■ **Instructions to follow**
In the entries below, begin at the line that has "寧鄉(xiāng)獲評(píng)的單位和小區(qū)", stop after the line that has "Unlike other launchers", and output those lines exactly with no pictures.

■ **Records for the exercise**
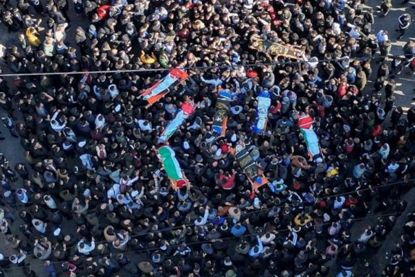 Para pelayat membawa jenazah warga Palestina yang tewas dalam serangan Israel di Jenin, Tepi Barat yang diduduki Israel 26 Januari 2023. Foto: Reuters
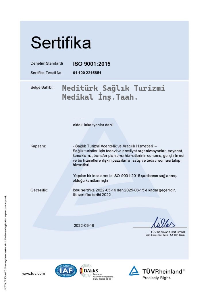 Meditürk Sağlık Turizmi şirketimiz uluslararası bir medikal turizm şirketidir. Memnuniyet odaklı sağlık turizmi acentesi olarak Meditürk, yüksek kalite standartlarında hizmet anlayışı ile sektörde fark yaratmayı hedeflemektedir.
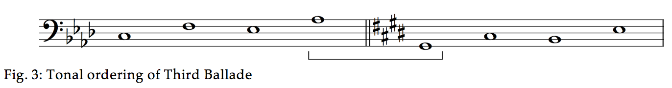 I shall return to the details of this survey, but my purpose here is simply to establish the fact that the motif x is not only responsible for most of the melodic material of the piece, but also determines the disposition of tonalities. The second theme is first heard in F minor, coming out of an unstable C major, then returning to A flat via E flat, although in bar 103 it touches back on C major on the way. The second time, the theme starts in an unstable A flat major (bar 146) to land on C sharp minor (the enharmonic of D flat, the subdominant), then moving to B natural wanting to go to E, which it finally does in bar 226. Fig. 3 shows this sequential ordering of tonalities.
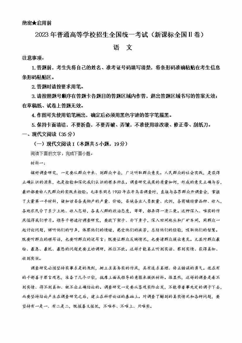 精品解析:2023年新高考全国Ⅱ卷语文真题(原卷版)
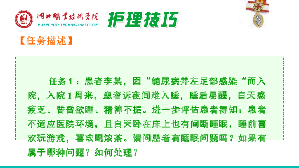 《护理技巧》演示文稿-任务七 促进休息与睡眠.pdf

--

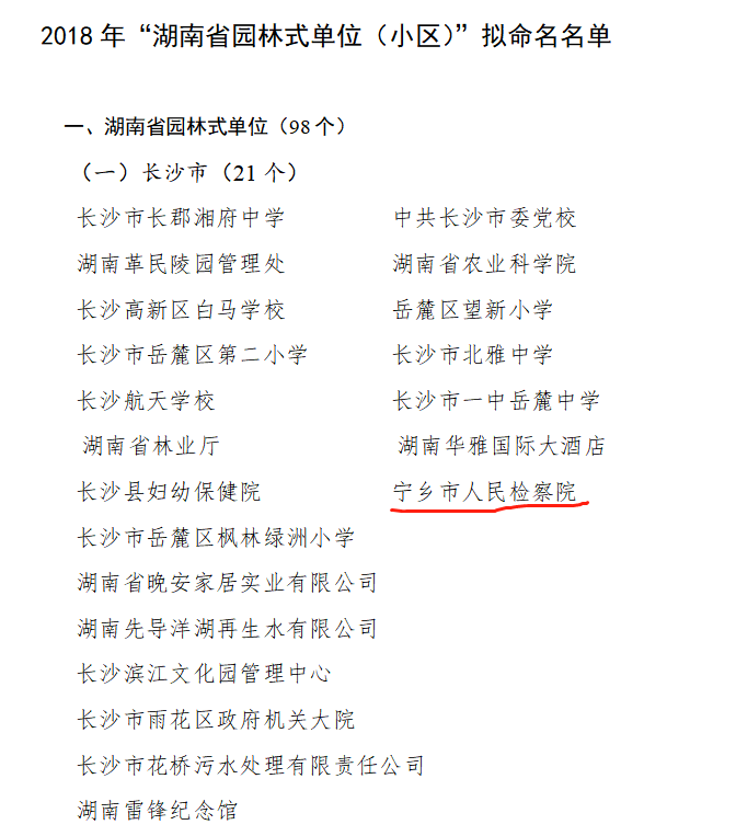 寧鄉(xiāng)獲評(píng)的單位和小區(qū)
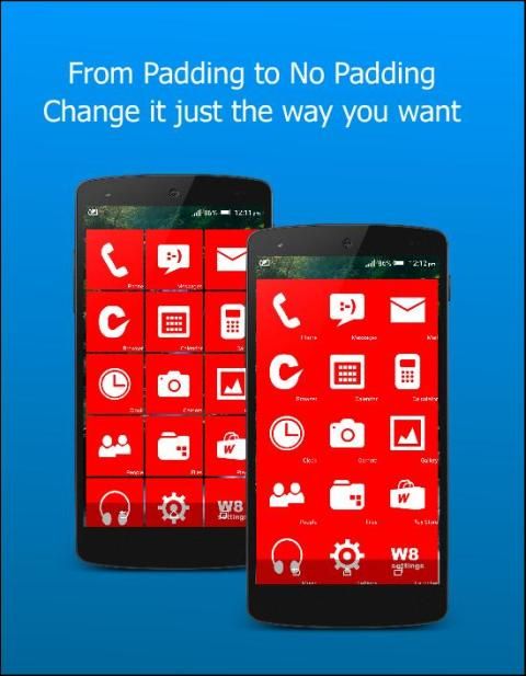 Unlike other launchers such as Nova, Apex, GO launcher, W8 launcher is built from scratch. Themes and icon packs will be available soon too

■ **Response box**
 寧鄉(xiāng)獲評(píng)的單位和小區(qū)
 Unlike other launchers such as Nova, Apex, GO launcher, W8 launcher is built from scratch. Themes and icon packs will be available soon too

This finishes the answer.